(Entries taken from a collection)
....................

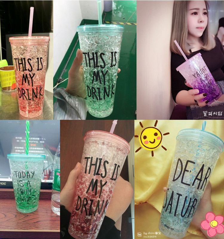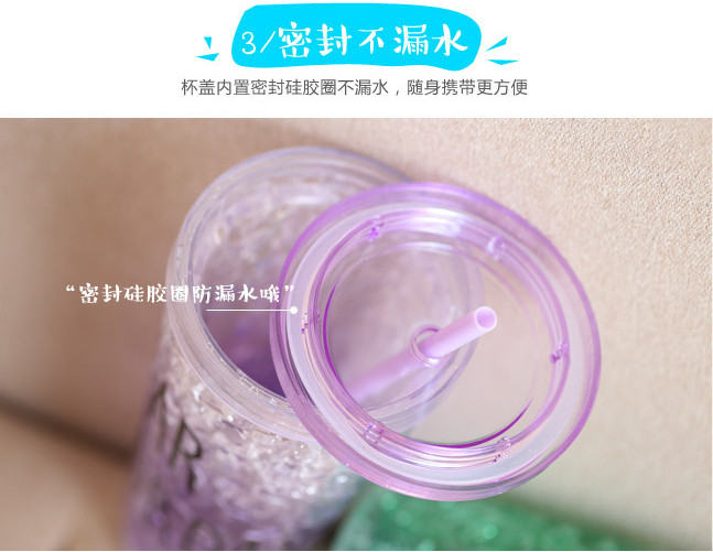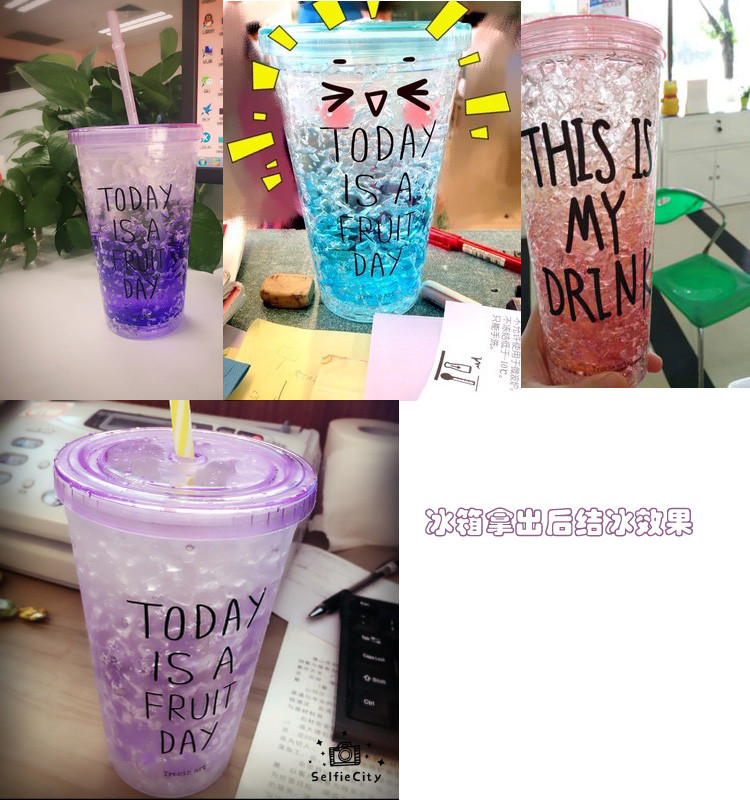 Summer Ice CupDouble cup design, inner sandwich is jelly solid glue!Into the refrigerator iced 2 hours later, pour any drink will be inside into a cup of iced drinks!
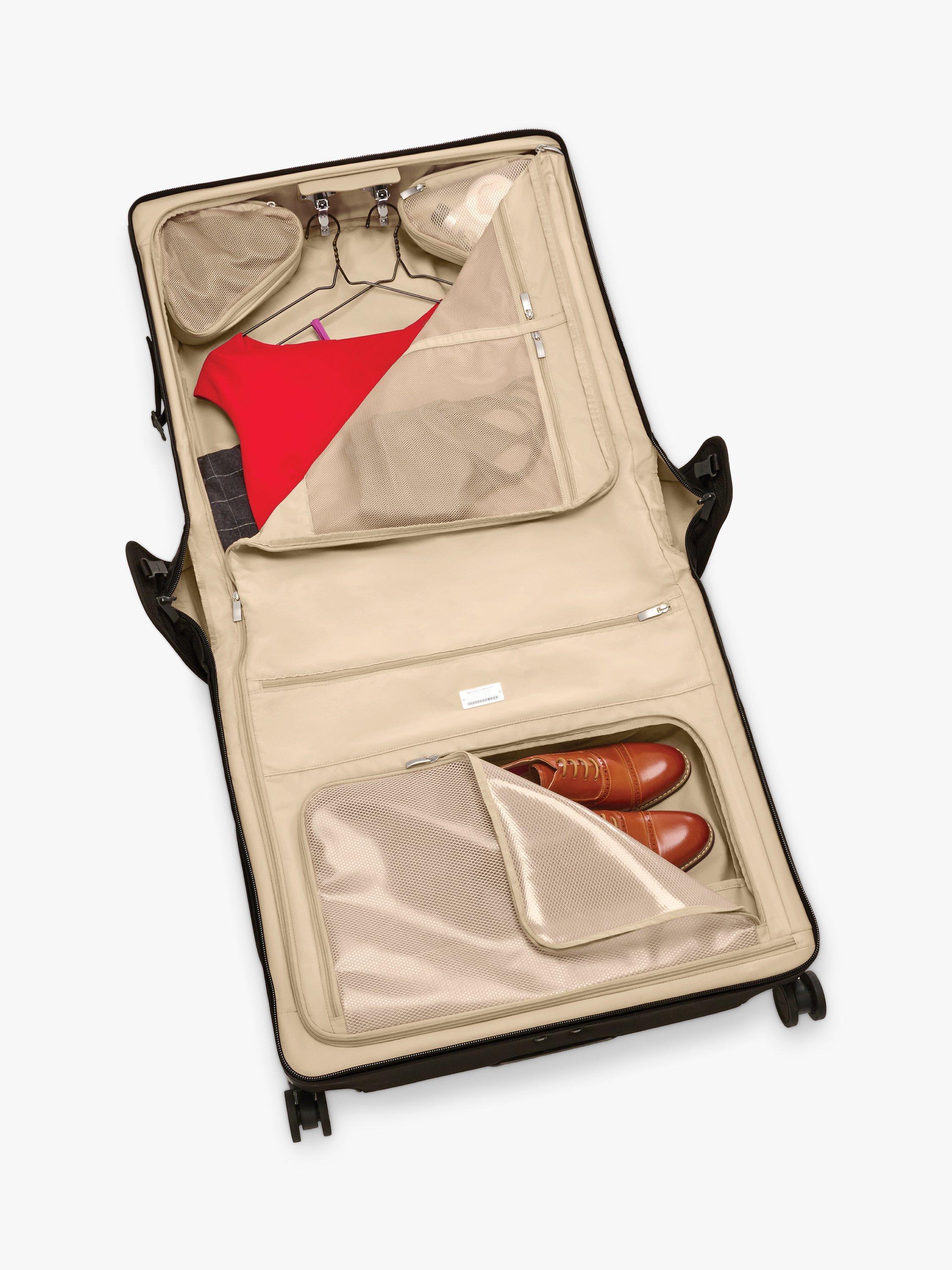The interior of the wardrobe carrier provides a divided gusseted front pocket, featuring a small section with key-keeper and a D-ring to hold hanging hooks. There's also a larger section for packing casual clothes, a jacket or shoes.
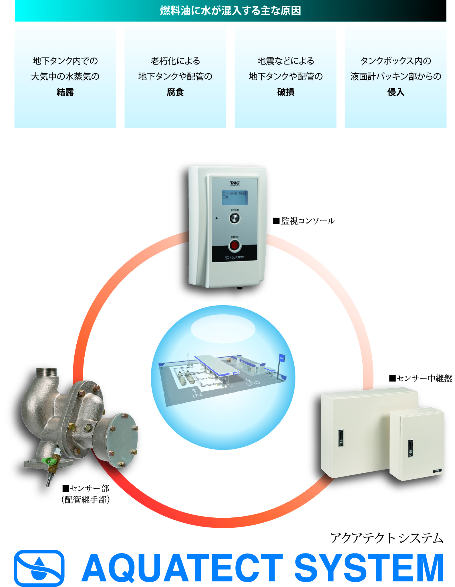業界初となる「配管水検知システム(AQUATECT SYSTEM)」は、配管内に侵入した水を検知し給油による車両への水混入を防ぐ、業界初のシステムです。計量機ピット内の立ち上がり配管にセンサー部を設置し、給油時の水混入事故を未然に防ぐことができます。
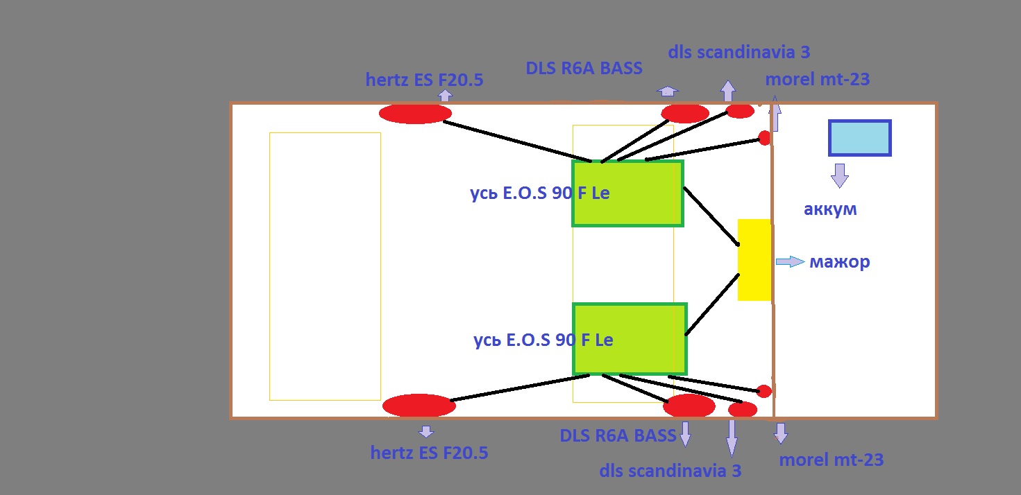 dissector и остальные посетители форума здравствуйте нужна помощь помогите подобрать конденсатор на сколько надо фарад на 2 усилка и провода и помогите со схемкой подключения начиная с аккумулятора авто у меня пикап голова будет PIONER DEX-P99RS на фронт хочу поставить 3х компонентку без кроссоверов пищалки MOREL MT-23 среднечастотный DLS SCANDINAVIA 3 нижний динамик DLS R6A BASS на тыл в задние двери в правую и левую по 8" HERTZ ES F 20.5 и запитывается аккустика 2 4х канальниками E.O.S 90 F LE я так понял называется подключение поканальное. Помогите со схемкой если не трудно и подбором конденсатора усилители будут стоять под передним правым и второй под передним левым сидениями.И еще вопрос как правильно на фронте поставить трехкомпонентку нижние динамики понятно в стандартные места а как правильно поставить среднечастотник и пищалки не знаю. а шумо вибро изоляция как же? -------------------- Я люблю жить.
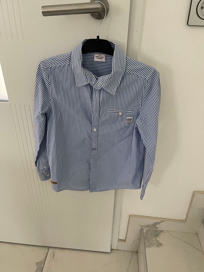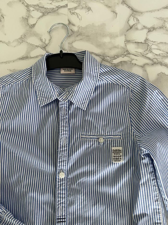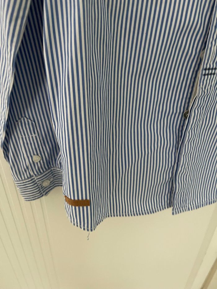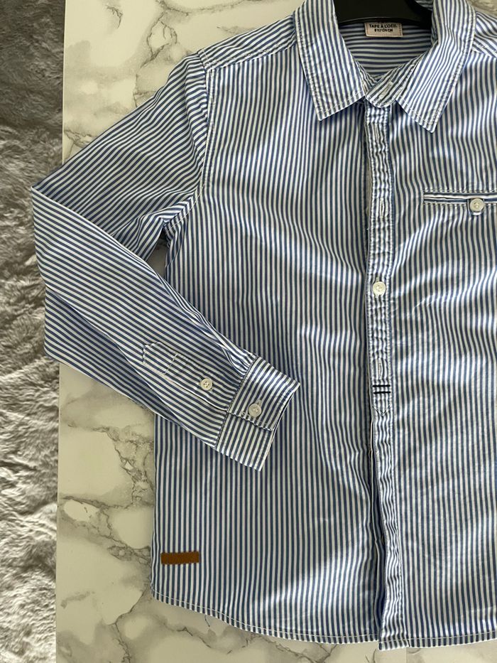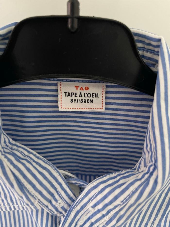 Vend chemise rayé manche longue Aucun défaut comme neuve porté 1 fois seulement . Taille 8 ans ou 128 cm De couleur bleu et blanche
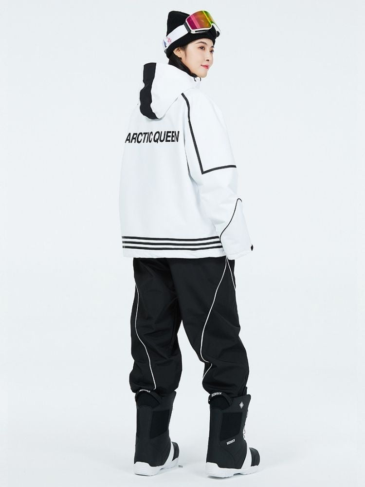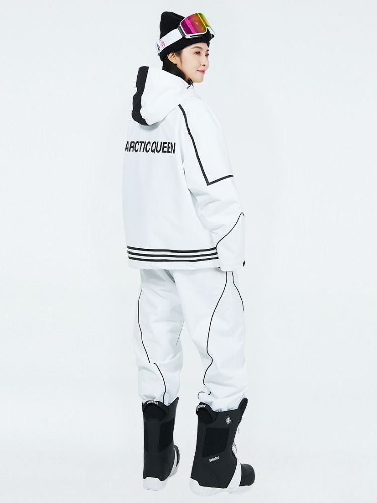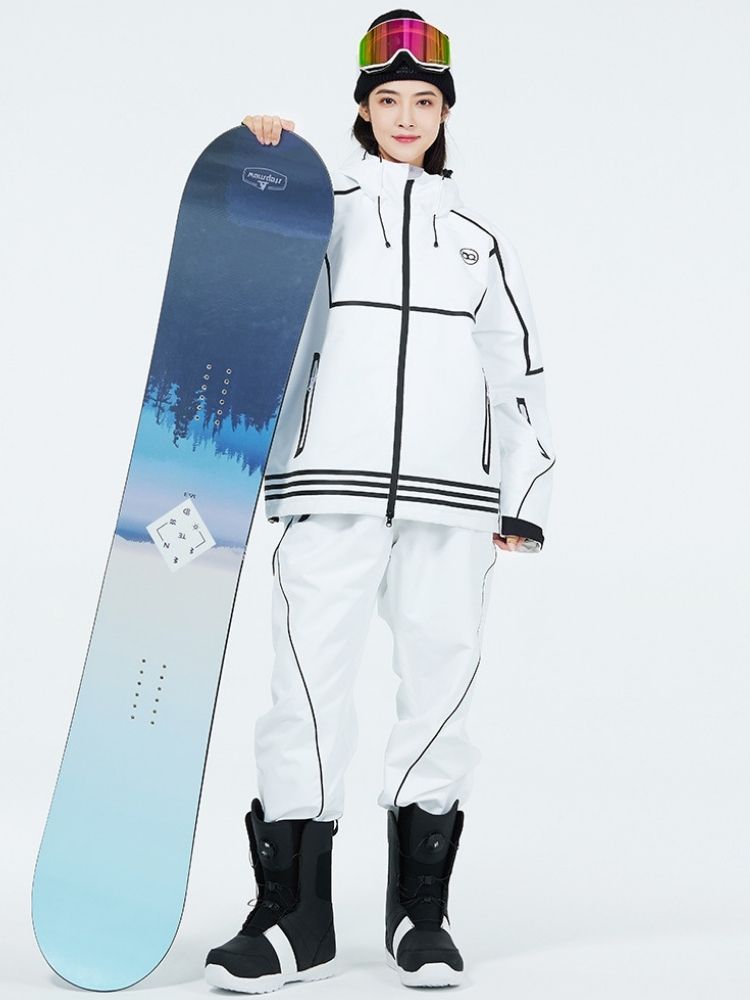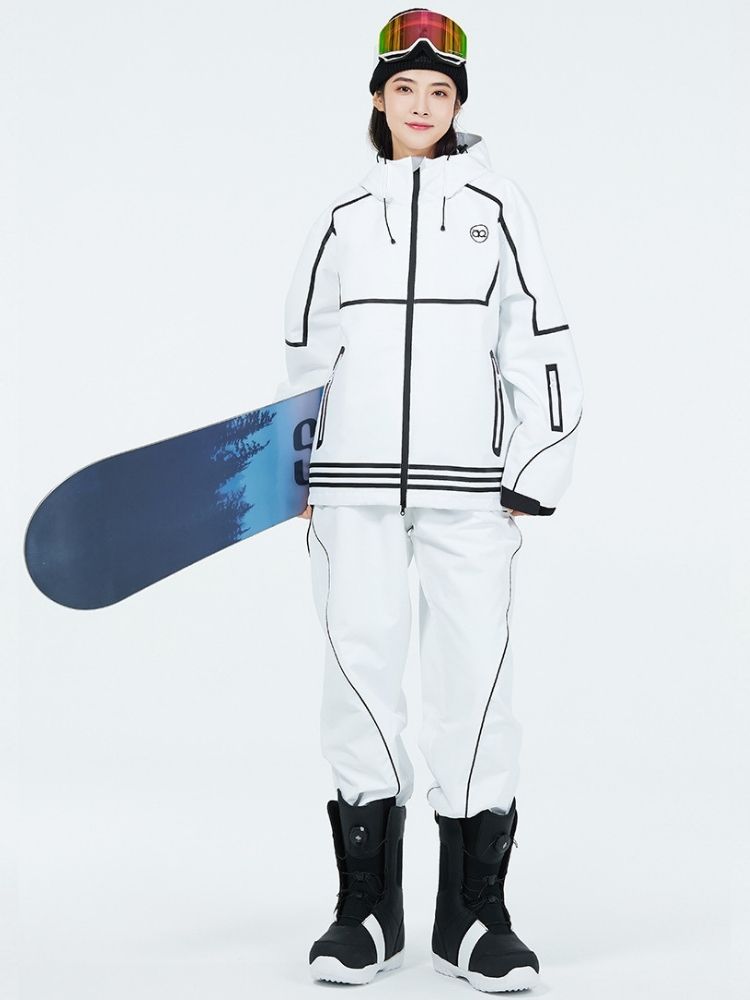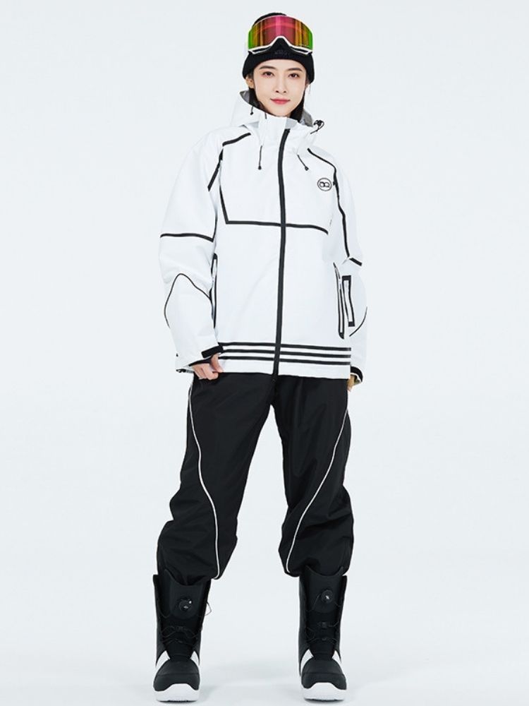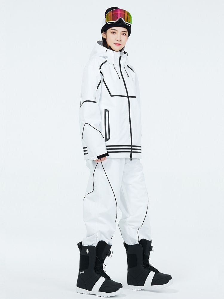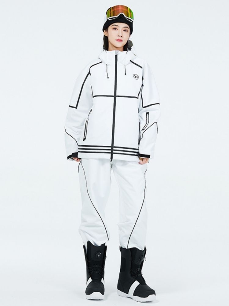 XwXwSeui Men Women Lines Outdoor Snow Suits-White Series

....................

EXERCISE BRIEF:
Would you give again, exactly, the lines in the data above that run from the line containing "The interior of" to the line containing "業界初となる「配管水検知シス"? Include both ends and no pictures.

RESULT OF THE TASK:
The interior of the wardrobe carrier provides a divided gusseted front pocket, featuring a small section with key-keeper and a D-ring to hold hanging hooks. There's also a larger section for packing casual clothes, a jacket or shoes.
業界初となる「配管水検知システム(AQUATECT SYSTEM)」は、配管内に侵入した水を検知し給油による車両への水混入を防ぐ、業界初のシステムです。計量機ピット内の立ち上がり配管にセンサー部を設置し、給油時の水混入事故を未然に防ぐことができます。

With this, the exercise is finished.